Setup and activate a virtual python environment, then install requirements.
pip3 install -r requirements.txt
Then to build and visualize a suffix tree:
python3 src/suffix_tree.py "cdddcdc"
To learn the algorithm, I browsed a few presentations and then read this highly recommended StackOverflow thread. It was helpful in building intuition and I liked that some of the key tricks were introduced early. However, the amendments to the rules across multiple answers left me wanting more rigour. Rigour in describing where the rules came from, and in proving correctness and time complexity.
For this I consulted Dan Gusfield's celebrated book on strings and sequence analysis, which broke down the algorithm fantastically. It starts with a naive algorithm and optimizes it to linear time with proofs along the way. I decided to implement their description of the algorithm following the same incremental process (1, 2, 3). I think this made it easier as I had smaller chunks to work on and regression test against. I did deviate by using edge compression in the naive algorithm, and I borrowed the concept of an "active point" from the StackOverflow description to represent the current position in the tree.
In addition to Gusfield's book and the StackOverflow post, I found these resources helpful:
- Ukkonen algorithm visualizer
- Extremely helpful to build intuition and trace bugs
- Note that it's missing internal suffix links to nodes created in prior phases, as described in Observation 3 here using example
cdddcdc
- https://github.com/baratgabor/SuffixTree
- Good discussion of rescanning vs suffix links
- https://github.com/shysaur/shysaur-suffixtrees
- Additional resource recommendations, and a disrecommendation that I think has merit
- The accepted StackOverflow answer says that when we split an edge and create a new internal node s(v), we create a suffix link from v to s(v) where v is an internal node created in the previous extension. As noted in the follow-ups, this is incomplete. We always need to create a suffix link from v to s(v), even when s(v) already existed prior to this extension.

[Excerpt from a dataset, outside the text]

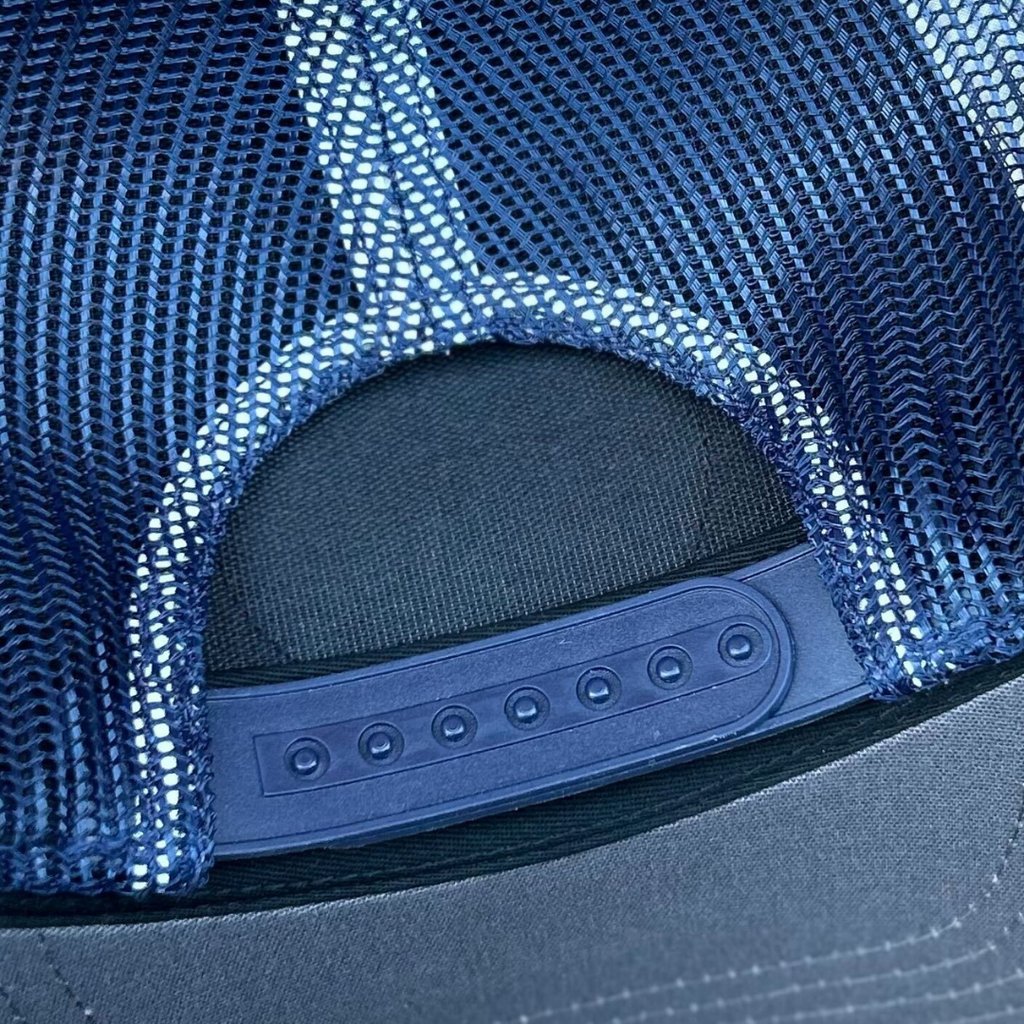 - Red front, navy mesh backing

- Explicit extension refers to actually visiting the end of β, i.e. s[i] when extending to s[i+1]. It does not refer to rule 2 extensions.

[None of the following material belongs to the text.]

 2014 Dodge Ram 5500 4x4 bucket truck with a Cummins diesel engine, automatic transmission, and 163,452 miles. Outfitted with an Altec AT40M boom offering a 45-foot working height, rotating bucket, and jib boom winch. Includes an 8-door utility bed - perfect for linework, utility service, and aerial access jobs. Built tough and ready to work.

- "Observation 2: Once a leaf, always a leaf" relies on the fact that any extension where rule 2 applies is guaranteed to have rule 1 apply in the next phase, as you've introduced a new leaf.

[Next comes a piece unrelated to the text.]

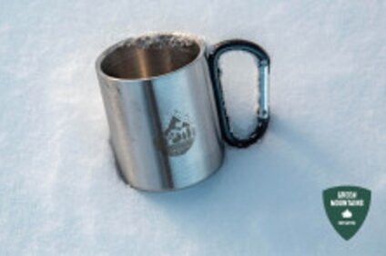 "The high-quality stainless steel metal mug with carabiner handle is your perfect companion for hot and cold drinks in the mountains."

- The SPA requires you to move the active point at the end of a phase
- In both the O(n^2) and O(n) overall algorithms, the first extension of a phase is done in constant time without any edge walking to find the insertion point.
- Within a phase, the SEA assumes that at the beginning of an extension the active point is unchanged from where the previous extension took place. That is, after extension j-1 of phase i+1 which ensures s[j-1..i+1], extension j assumes the active point is at the end of s[j-1..i].
- Across phases, the SPA requires that for the first explicit extension the active point is at the end of the last explicit extension of the previous phase. That is, if phase i+1 has last explicit extension k ensuring s[k..i+1], then the first extension of phase i+2 assumes the active point is at the end of s[k..i+1], not s[k..i].
- In contrast, the original O(n^2) version using just the SEA has an easier cross-phase adjustment of the active point, which is always set to the first leaf.
- If none of the extensions k..i in a phase are rule 3, it's easier to start the next phase with extension i, instead of extension i+1. The repeated explicit extension of extension i isn't necessary, but it lets you treat this case identically to if rule 3 had applied.
python3 -m unittest tests.suffix_tree_test
black -l 80 **/*.py
pylint --rcfile=pylintrc **/*.py